* Task item *
In the listing, locate the line containing "آرمی چیف جنرل", then quote it and all following lines exactly. Omit pictures.

* Data block *
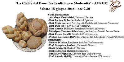 Il Convegno si aprirà con i saluti istituzionali dei sindaci di Pescara e Spoltore, Marco Alessandrini e Luciano Di Lorito, del Presidente della Provincia di Pescara Antonio Di Marco, degli assessori regionali al Benessere alimentare Silvio Paolucci e all’Agricoltura, Dino Pepe, dell’arcivescovo di Pescara Monsignor Tommaso Valentinetti, del Presidente Confcommercio Franco Danelli e della dirigente dell’Alberghiero, Alessandra Di Pietro. Quindi gli interventi del Presidente Assi-Pan D’Intino; del professor Giampiero Sacchetti, dell’Università di Teramo; David Falcinelli, della Coldiretti-Campagna Amica; la dottoressa Marina Manieri, dietista; Don Marco Pagniello, direttore della Caritas; e il professor Antonio Mobilij, docente dell’Università Chieti-Pescara ‘D’Annunzio’. Al termine sarà offerto un buffet preparato dagli studenti dell’Istituto Alberghiero ‘De Cecco’ sul tema del pane.
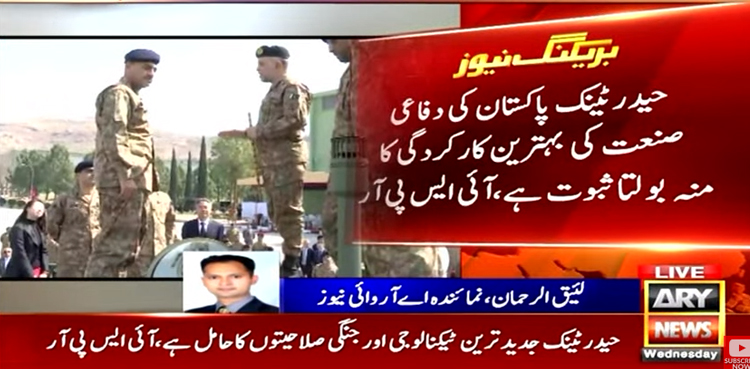آرمی چیف جنرل سید عاصم منیر کو حیدر ٹینک کی تکنیکی صلاحیتوں سمیت مقامی تیار کردہ اسلحے اور ہتھیاروں میں پیش رفت کے بارے میں تفصیلات سے بھی آگاہ کیا گیا۔
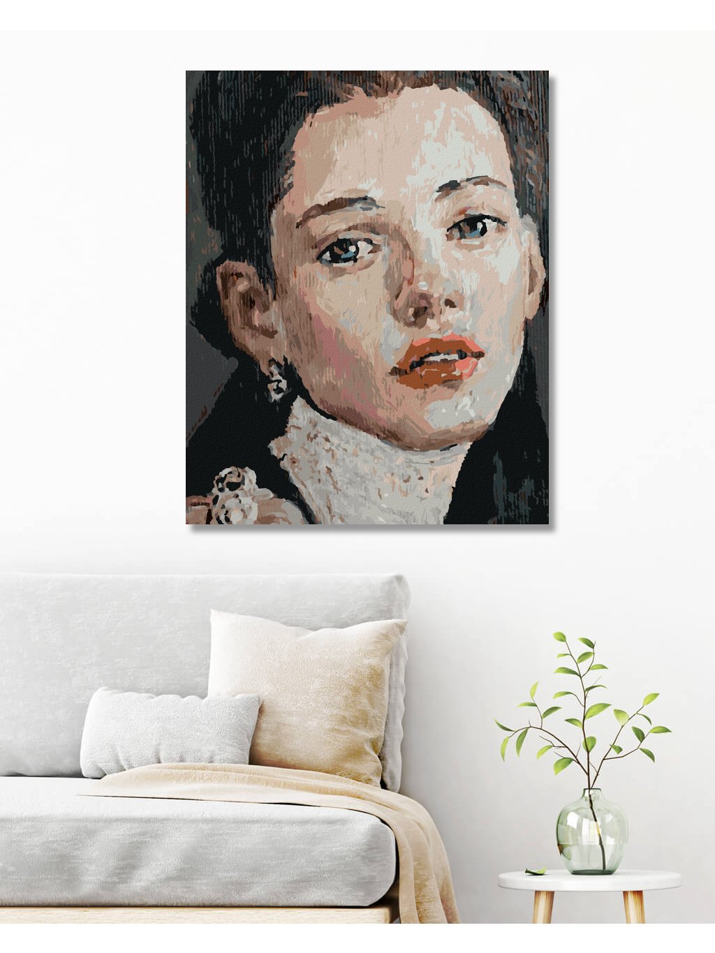 Diamantové maľovanie - MAĽOVANÁ ŽENA S PRENIKAVÝMI OČAMI

* Answer area *
آرمی چیف جنرل سید عاصم منیر کو حیدر ٹینک کی تکنیکی صلاحیتوں سمیت مقامی تیار کردہ اسلحے اور ہتھیاروں میں پیش رفت کے بارے میں تفصیلات سے بھی آگاہ کیا گیا۔
 Diamantové maľovanie - MAĽOVANÁ ŽENA S PRENIKAVÝMI OČAMI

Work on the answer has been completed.